Лейтенант поник: полёт предстоит ознакомительный. Так всегда бывает — в новой части, на новом самолёте. Командир должен знать, на что способен его подчинённый.
За все время полёта, а он продолжался минут десять, командир, сидевший в кабине штурмана, не притронулся к ручке управления и, кажется, не вставлял её в гнездо. А по прилёте, спрыгнув на землю, сказал:
— Нормально. Сегодня пойдёте на задание.
Часы и минуты в этот день тянулись медленно. Владимир всё время торчал у самолёта. Командир сказал так просто: «…пойдёте на задание». Но какое это будет задание? Куда он поведёт свою «тройку», какую ему укажут цель?.. Наконец, — ночью. Не летал ведь раньше.
Штурман Аркадий Чёрный появился у самолёта два или три раза, — и так, будто никакого задания им не предстояло. И вообще штурман с первого знакомства Пряхину не понравился. Комэск, подводя его к Чёрному, сказал:
— Вот ваш командир, лейтенант Пряхин. Надеюсь, вы с ним поладите.
Штурман долго разглядывал новичка, будто не верил, что это его командир, затем подал руку и небрежно пожал её.
Штурман был основательный мужчина, черноглазый, черноволосый — похожий на цыгана. И на погонах носил три звёздочки — старший лейтенант.
Владимир давно не видел себя в зеркало, он хотя и чувствовал прибавление сил во всём теле, но не знал, не мог судить, как он окреп и повзрослел за полгода боевой жизни. Перерождение произошло психологическое: он как бы перешагнул порог, за которым начинался мужчина.
Механик не отходил от самолёта, разве что только на обед. По приступкам самодельной стремянки он взбирался то на одну сторону мотора, то на другую и все что–то подкручивал, вытягивал, подрезал и зачищал, — работа невидимая, подвластная одному ему, и настолько важная, что не мог он её передоверить другому и, тем более, не сделать или отложить до другого раза.
Покончив с мотором, он достал из–под брезента жестяную банку, вынул оттуда узелки из пакли и ткани, стал приделывать к ним какие–то парашютики.
— А это что? — спросил Владимир.
Младший сержант защемил двумя пальцами вершину парашюта и туго стянутый узелок повис на трёх тонких бечевках, — получилось нечто похожее на парашют и парашютиста.
— Они горят, а старший лейтенант развешивает их над позициями немцев.
— Да зачем их развешивать?
Механик пожал плечами и ответил неохотно:
— Для куражу… значит.
Подошёл штурман, взял один парашютик, другой.
— Не жалей мазута, пусть горят ярче.
— А это что, — робко спросил Владимир, — задание такое?..
— Да нет, задание дадут в штабе, а это мы так… от себя добавляем.

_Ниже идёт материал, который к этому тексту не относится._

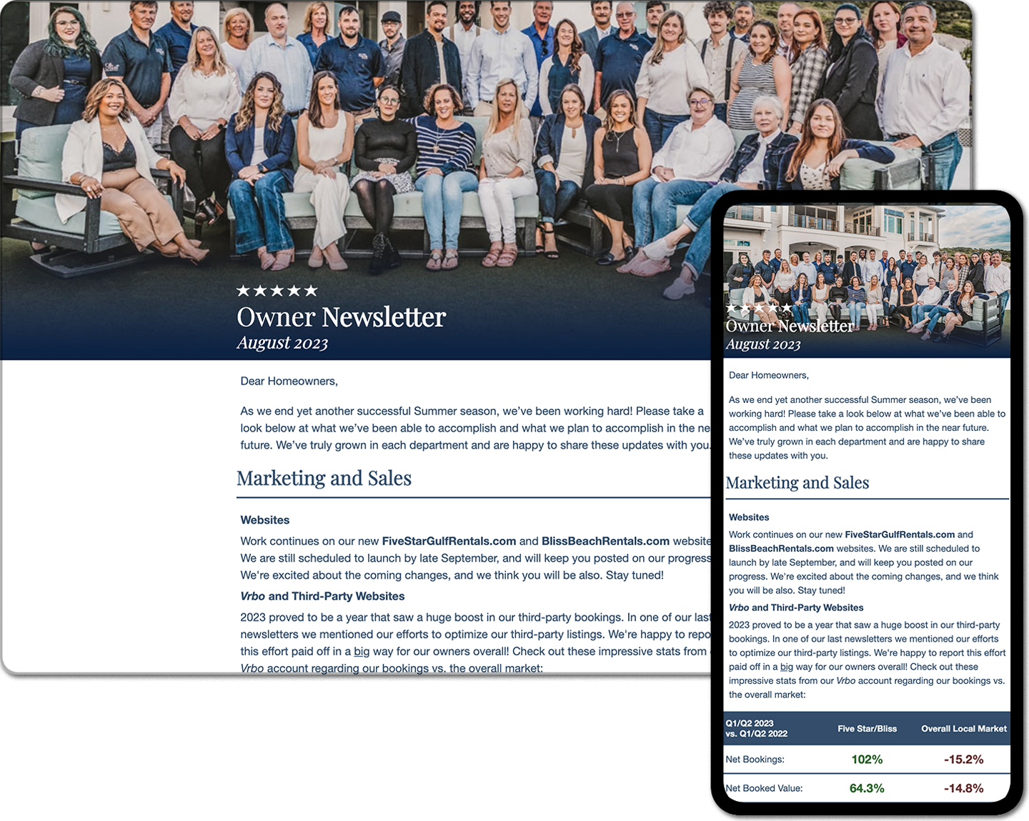 Weekly promotional and informative emails sent to Five Star Properties' marketing list which was segmented by any acquired lead data (past stays, inquiry parameters, pets, number of guests, etc.)

И рассказал, что у них в эскадрилье придумывают разные способы досадить немцам, выбить их из колеи. Немец по своей природе послушный, чётко следует правилам войны, а всё, что выходит за рамки, его раздражает. Он, к примеру, заслышит самолёт, так в укрытие спешит, бомбу сверху ждёт или, скажем, очередь из пулемёта. Мы его, конечно, бомбой угостим, из пулемета тоже стеганем и эрэску вдобавок пустим, но сверх того ещё и огоньки по всей линии развесим. Они, огоньки, долго висят в небе и то опускаются, а то, как ветер подхватит их, к звёздам летят. И потом снова опускаются. Не могут немцы понять, что это за невидаль такая. Хорошо, как просто огоньки, а что если Иван для них новое оружие придумал? Вот оно сейчас прилетит в окопы да шарахнет.
В другой раз наши ребята трубу с дьявольским свистом на него запустят. В ней много дыр просверлено и из каждой огонь вылетает. И визжит она словно поросенок резаный. Они, немцы, после таких концертов всю ночь спать не могут. Они к нам однажды листовку забросили:
«Ты, Иван немытый, когда научишься воевать по правилам? Зачем трубы с самолёта бросаешь, тряпки в небе зажигаешь?
Твой до гроба Фриц».
Самолёт ПО‑2, летающий ночью, они «пьяным Густавом» назвали. Есть у них в маленьких городках извозчик, который по ночам нечистоты вывозит. Везет он свою бочку по мостовой, гремит колесами, а если пьяный, так и поёт ещё.
На мгновение Пряхин вообразил, как бы расхохотались друзья — те счастливчики, что сейчас летают на истребителях, — что он в своём боевом полёте будет трубу на немцев кидать и паклю горящую развешивать, — повалились бы со смеху. Такое он и во сне кошмарном вообразить не мог.
Отошёл в сторонку, прилег на пожухлую осеннюю траву, задумался. Механик с серьёзным видом смолил туго связанную в узлы паклю, прикреплял к ней парашютики, укладывал в банки. «А как зажигать будет?» — думал лейтенант о штурмане, и хотел было по праву командира сказать механику, что опасная, мол, это затея — с огнем в воздухе играть, но сообразил: «Не впервой тут им, чай, они уж приспособились». И вообразил, как зажигалкой воспламеняет штурман факел, бросает его за борт. «И с трубами они… наладились».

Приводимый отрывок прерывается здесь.